Clarification of the pressing oil
The oil obtained from the press was subjected to clarification in a centrifuge cooled at 10°C, at a speed of 4500 rpm during 40 min. The resulting clarified oil was stored in caramel colored glass containers with nitrogen gas in the headspace, in a refrigerator at 5° C, protected from light.
Quality indices: Acidity, peroxide and p-Anisidine values
The acidity, peroxide and p-Anisidine values were determined following the methods IUPAC 2.201 , IUPAC 2.501  and AOCS Cd 18-90, respectively. All determinations were carried out in duplicates.

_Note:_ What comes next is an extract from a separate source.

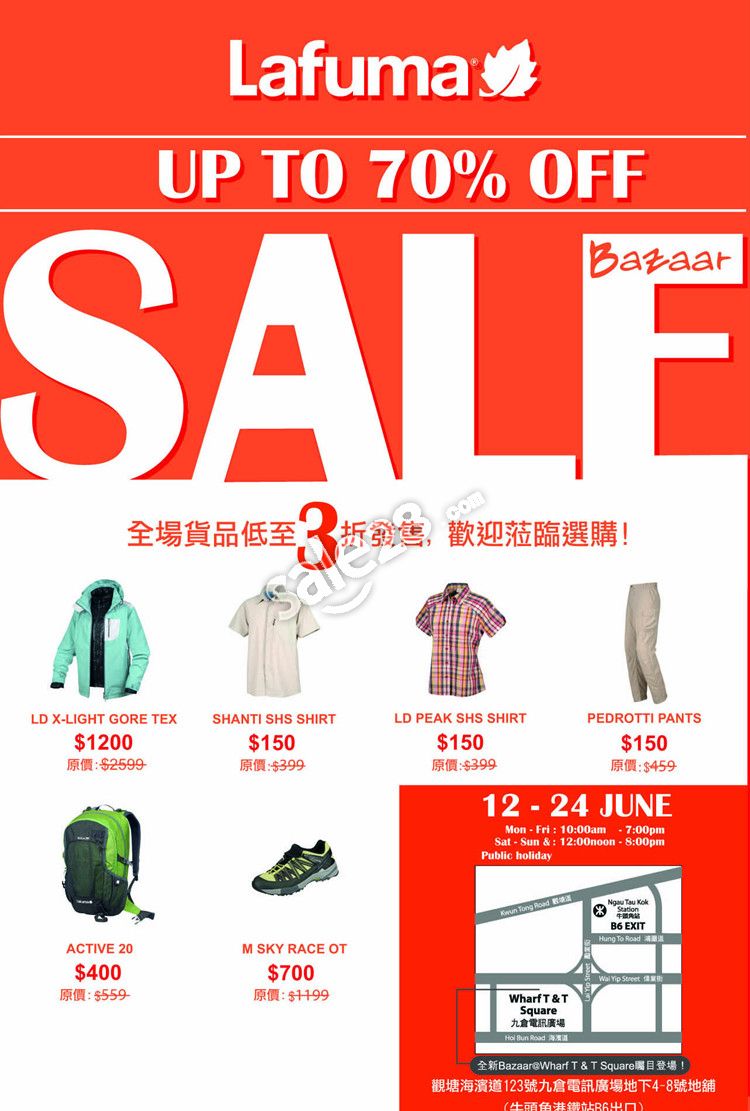 九仓电讯广场打折啦!本次香港九仓电讯广场为大家带来的是Lafuma运动品牌的专场特卖哦!全场低至3折起!包括服饰、运动鞋、包类,Lafuma是欧洲著名的专业户外品牌,不管是设计还是材质都是一流的呢!熟悉我们网站的朋友应该经常能看到九仓电讯广场打折的资讯,次次的折扣都是很划算的,不可错过哦!

Determination of tocopherol content
The tocopherol content was determined in duplicated by AOCS Ce 8-89  using a Dionex Ultimate 3000 Ultra HPLC chromatograph, with a Lichrosorb Si 60 column, 25 to 0.4 cm and 5 mm particle size. To prepare the calibration curve, a standard of α-tocopherol (Sigma T#3251, 95% purity) was used; the other isomers are calculated according to AOCS .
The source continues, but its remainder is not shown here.